El grupo de prófugos despertó en un intérvalo de una hora, veintiséis horas después de acostarse a dormir en la casa de Anselmo Serrano. Se fueron encontrando en la cocina a medida que el sueño reparador los iba abandonando apremiado por la necesidad de ingerir alimentos. En la cocina había de todo para comer, pollo y carne vacuna horneados junto con papas, batatas y zapallos; milanesas guarnecida con puré de papas, guiso de lentejas, estofado de arroz con pollo, pizzas rebozantes de queso mozzarella lista para calentar en el horno, pan casero, empanadas de carne, de pollo y de atún; variados postres: desde flan casero hasta ensalada de frutas. Varias botellas de buen vino, soda, agua mineral y gaseosas esperaban en la mesada para acompañar a las comidas. Todo estaba a disposición de los huéspedes.

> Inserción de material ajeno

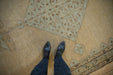 :: Diamond shaped center medallion adorned at either corner with minor medallions bearing interior potted plants with interconnected vinery to finned vines leading to additional minor medallions. Main border in a partial serpent geometric design. Colors and shades include: Antique ivory, camel, sand, dusty powder blue, dark chocolate brown, dusty denim blue, and more. Condition notes: Even wear across to knot heads with faint foundation showing through. Most of the original side cord selvages are intact or restored. Fully secured sides and ends. Heavy localized areas of restoration, mostly confined to the middle of the carpet, with possible secondary shade of dusty powder blue completely replacing the original shade. Recently professionally cleaned ready for in-home use! Many years of enjoyment to come with this hand knotted Persian Malayer carpet made in Persia circa 1920's vintage. Size measures 6'11" x 16'.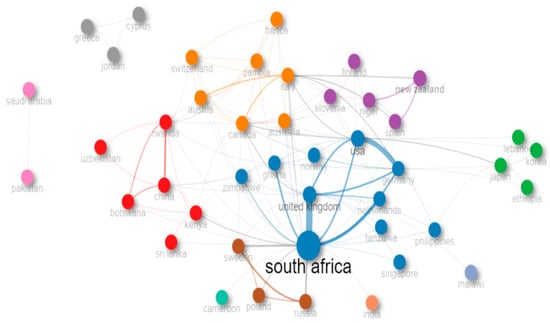 Diagram depicting the country collaboration network in LWE and SFS research (generated using the R-bibliometrix tool developed by Aria and Cuccurullo []).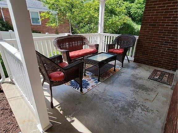Welcome Home to this Charming Move-In Ready brick ranch on quiet dead end street!. Covered front porch. Hardwood floors first floor. Freshly painted first floor. White kitchen w/SS appliances, lots of cabinets. Newer Furnace 2017. Finished walk-out basement/lots of storage/huge laundry utility room. Level private yard. Large deck overlooks level yard and green space. Extra parking pad under deck. Lovely stone patio off lower level.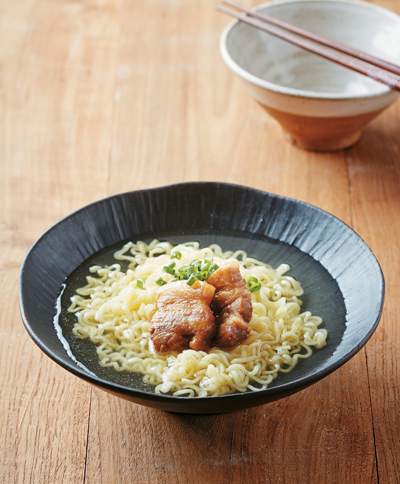 5. 육수를 뜨겁게 끓인 뒤 그릇에 라면사리와 함께 담고, 돼지고기조림, 쪽파를 올리고 팬에 남은 조림 소스를 끼얹어 마무리한다.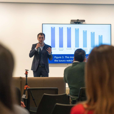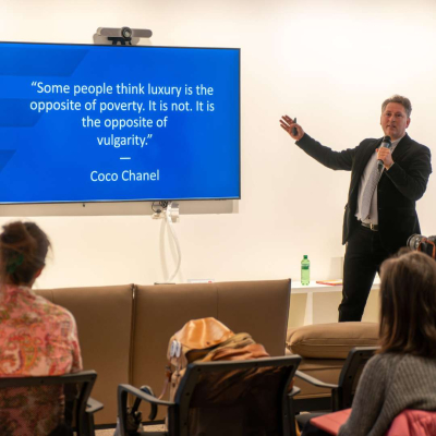 At the book launch event held on April 26 in the student lounge of Franklin University Switzerland, the authors delved into topics from the book’s eight chapters, which expand on luxury management and connect to multiple research fields. The gathering provided students and faculty from both FUS and USI with a deep dive into the book and a unique opportunity to engage personally with the authors, fostering learning and idea development. Throughout the event, the authors engaged in a lively dialogue that guided the audience through the extensive data collection efforts and the multiple theory angles used in the book, including Gestalt theory and functional theories.

-Al parecer, mi padre y Eugenia estuvieron muy ocupados durante el día.

-Cocinaron de todo, ya comí un poco de pollo, de carne al horno, de empanadas y esta es la primera porción de postre, pienso seguir -comentó Franco sonriente, con un plato en la mano de budín de pan con una generosa ración de crema, fue el primero en despertar y encontrar las exquisiteces en la cocina.

-Creo que yo también comenzaré con el pollo -bostezando, coincidió Daniel con la primera elección de Franco y se dirigió a la fuente que contenía el pollo horneado.

-No me perdería por nada el guiso de lentejas de mi padre, es el mejor del mundo, espeso y picante como nadie sabe hacerlo -elogió Alberto el plato abundante que estaba saboreando.

-Elegiré ese guiso - puntó Paula, bostezando al entrar a la cocina- Mi madre no cocina nunca esas cosas ¿Qué hora es?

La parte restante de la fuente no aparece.